Tuesday’s New York Times science section had an article by Laurie Tarkan called “Benefits of the Dinner Table Ritual.” I intend to make dozens of copies of it, and paper my own kitchen with it. Because [insert singsongy voice here] I was riiiiight, I was riiiiight, nanananana.

That little descent into grade-school hell was for Baroy’s benefit, my frends.

When we first got married, Baroy and I didn’t have a dinner table. Or any table built for more than one person. We had, instead, tray tables. Four of them, in case we were entertaining. (Yes, I’m kidding. Though, now that I think about it, what DID we use when we entertained? Oh, yeah. Right. The big round glass table in our backyard. Not that we entertained that frequently, and not that the people we DID entertain were the kind to care about balancing paper plates on their knees on the rare day when it was too cold or rainy in Los Angeles to eat outside.) When it was just the two of us, we would eat in the living room, in front of the television. (Baroy is and always has been addicted. I’m mostly just codependent.)

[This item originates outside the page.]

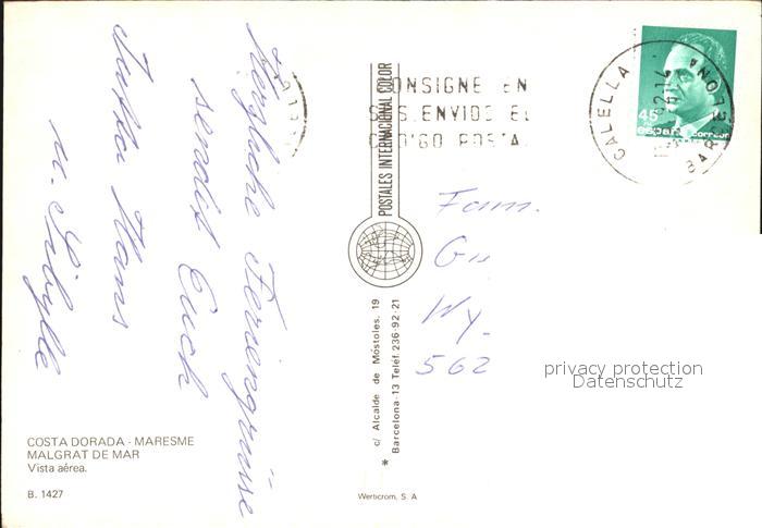 old postcard Malgrat de Mar Vista aerea postalisch gelaufen Erhaltung siehe scans [FriedD77]

Once I got pregnant, however, all that changed.

“We need a real table,” I announced one day.

“Why?” Baroy asked.

“Family dinners. We’re going to have family dinners. Kids need to have family dinners.”

Baroy gave me one of those measured looks that are rightfully the domain of men dealing with women in hormone-induced frenzies.

“OK, fine,” he said. “But you’re still in your first trimester. The baby won’t be joining us at the table for another year. Can’t it wait?”

My look was not at all measured. “No,” I said flatly.

And so, that weekend, we went out and bought a table. And six months after Em was born, when she could sit in a highchair without tumbling over, she joined us at that table. And we've done family dinners ever since.

As Em has grown up, and since N's addition to the family, that has become more difficult. Working until 6 a few times a week can really put a crimp in the whole get-dinner-into-the-kids-and-get-them-to-bed-at-a-decent-hour thing. But with the help of a crockpot, a microwave, good take-out places, and my own innate stubborness, we eat together four or five times a week, at a minimum. There aren't always four people at the table--sometimes Em has dinner at a friend's house, sometimes Baroy has work or an audition or a college basketball game for which he would rather divorce me than give it up to sit at the table with us, sometimes it's even me who's missing, off to a PTA meeting or somesuch. But we eat together. We do "Best and Worst" (which we did long before any stupid Michelle Pfeiffer/Bruce Willis screen fiasco co-opted it, thankyewverymuch). We talk about our days. Baroy and I discuss politics, and the kids grow bored and ask to be excused. (OK, so it's not entirely blissful, but what is?)

It's not that the Tarkan piece is anything new. Most people know that family dinners are beneficial, and if they can fit them into their lives, they do. But not everyone has the same list of priorities; to do this, I ultimately had to cut out Em's evening swim lessons, and switch gymnastics from an evening each week to an afternoon, for instance, because they were messing us up. For whatever reason--probably because I remember our own family dinners, painful as they may have been, especially during my teen years--it was critically important to me to do this. As important, if not more so, than nursing. Except, unlike nursing, my partner didn't entirely buy in at first. He's still less of a die-hard than I am about it, but he's converted in an overall sense. And that's all I care about.

Well, that, and the fact that I WAS RIGHT!

I *so* know what I'm going to be bringing up for discussion at dinner tonight...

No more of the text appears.